Galveston scientists discover Zika mutation that could trigger a new outbreak

A UTMB professor says the virus can be especially harmful to pregnant women since the infection can cause birth defects.

ByPatrina Adger KTRK logo
Wednesday, April 20, 2022
Scientists discover Zika mutation that could trigger outbreak
UTMB researchers in Galveston discovered a mutation of the rapidly-evolving Zika virus.

GALVESTON, Texas (KTRK) -- Researchers at the University of Texas Medical Branch in Galveston along with scientists at the La Jolla Institute for Immunology in California discovered mutation in a rapidly-evolving Zika virus.

The single mutation was found during a recent study.

Researchers suggest this could trigger another major outbreak of the disease by dodging existing immunity.

Dr.

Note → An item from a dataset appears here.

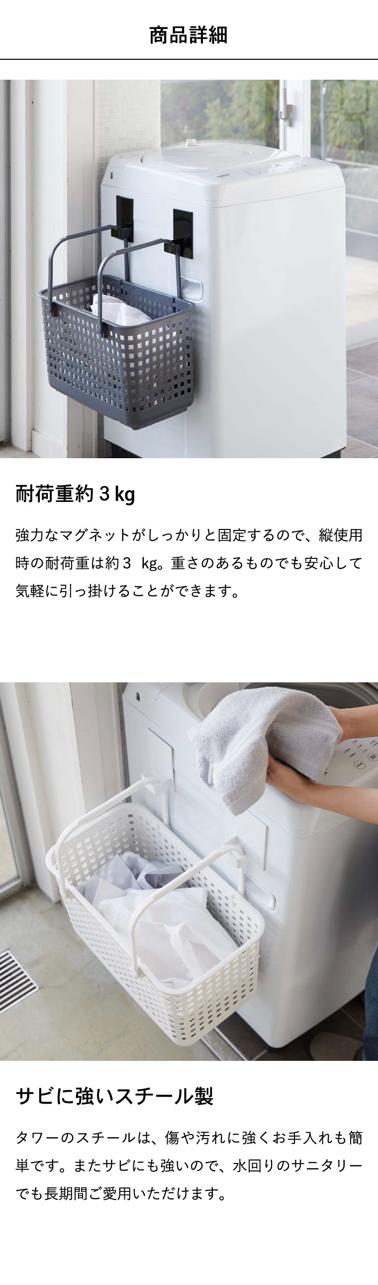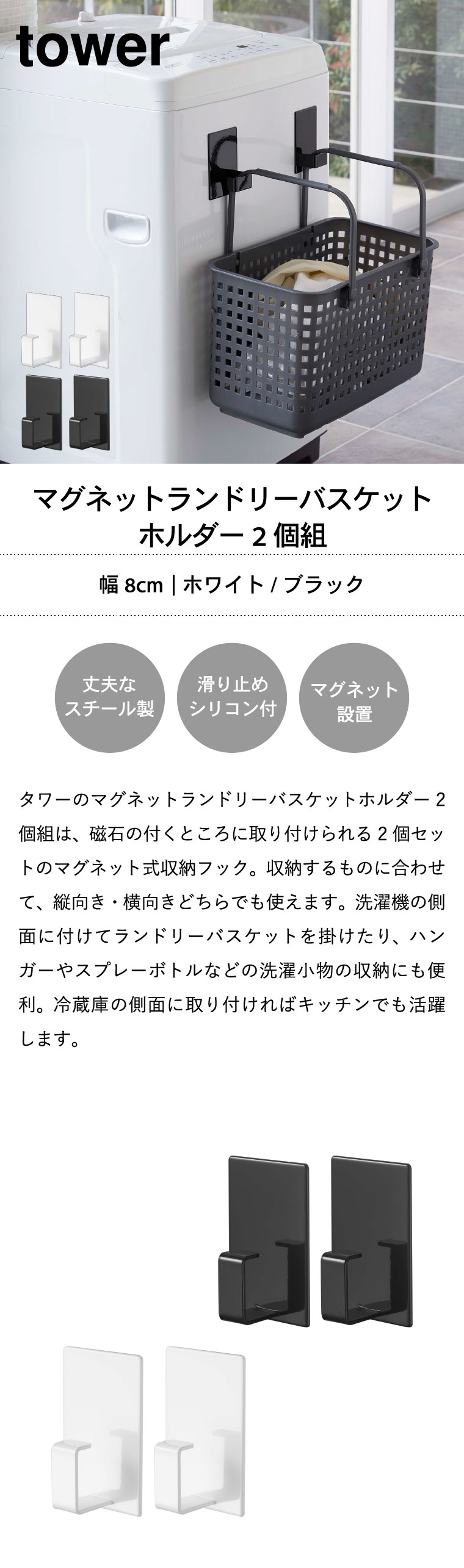 マグネットランドリーバスケットホルダー 2個組 タワー 山崎実業 tower マグネット 洗濯機 ホワイト/ブラック 5419 5420 towerシリーズ

Pei-Yong Shi, a professor at the Department of Biochemistry and Molecular Biology at UTMB Galveston, says the virus is carried by the bite of infected mosquitoes.

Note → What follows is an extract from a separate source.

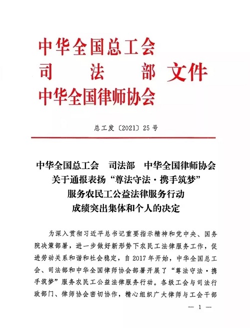 近日,中华全国总工会、司法部、中华全国律师协会发布《中华全国律师协会关于通报表扬“尊法守法·携手筑梦”服务农民工公益法律服务行动成绩突出集体和个人的决定》(总工发〔2021〕25号),对全国2017-2020年开展“尊法守法· 携手筑梦”服务农民工公益法律服务行动成绩突出的147个集体和299名个人予以通报表扬。包头市总工会荣获成绩突出集体。

He says the virus can be especially harmful to pregnant women since the infection can cause certain birth defects.

"The most devastating outcome of Zika infection is called microcephaly which is the pregnant woman got infected by a mosquito," said Shi.

"That virus can infect the fetus' brain, leading to the baby (being) born with a small head."

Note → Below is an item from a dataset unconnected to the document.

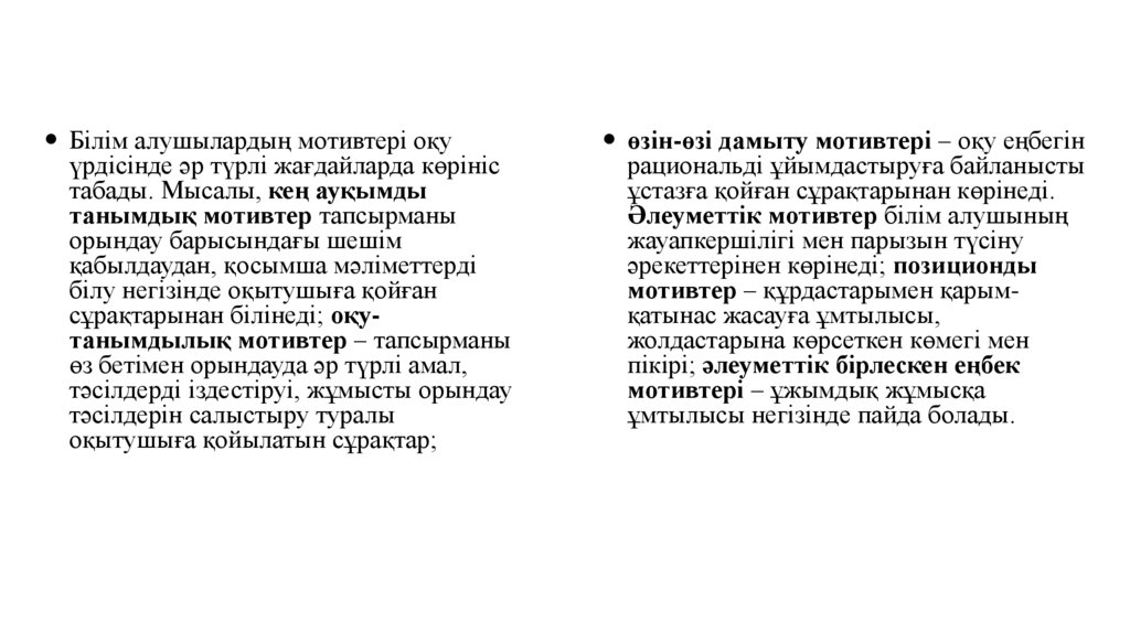 Білім алушылардың мотивтері оқуүрдісінде әр түрлі жағдайларда көрініс

Shi says this study measures mosquitoes that transmit Zika and other viruses such as the Dengue virus which tends to co-circulate in the same places.

"Previous studies have shown that people who have been infected by Dengue are partially protected from Zika infection because of the gene similarities between the two viruses," Shi said.

"What we did is test when the Zika virus will be able to escape the protection previously triggered by the dengue infection. What we found remarkable is that the Zika virus can accumulate a single amino acid mutation that is going to override all the protections previously triggered by dengue infection," he continued.

Shi says there's currently no cure for Zika. He says Zika-infected patients can develop Guillain Barre Syndrome, which is the autoimmune disease that can cause paralysis.

According to Shi, "There is still no vaccine. No therapeutics for Zika, so the whole human population is very vulnerable."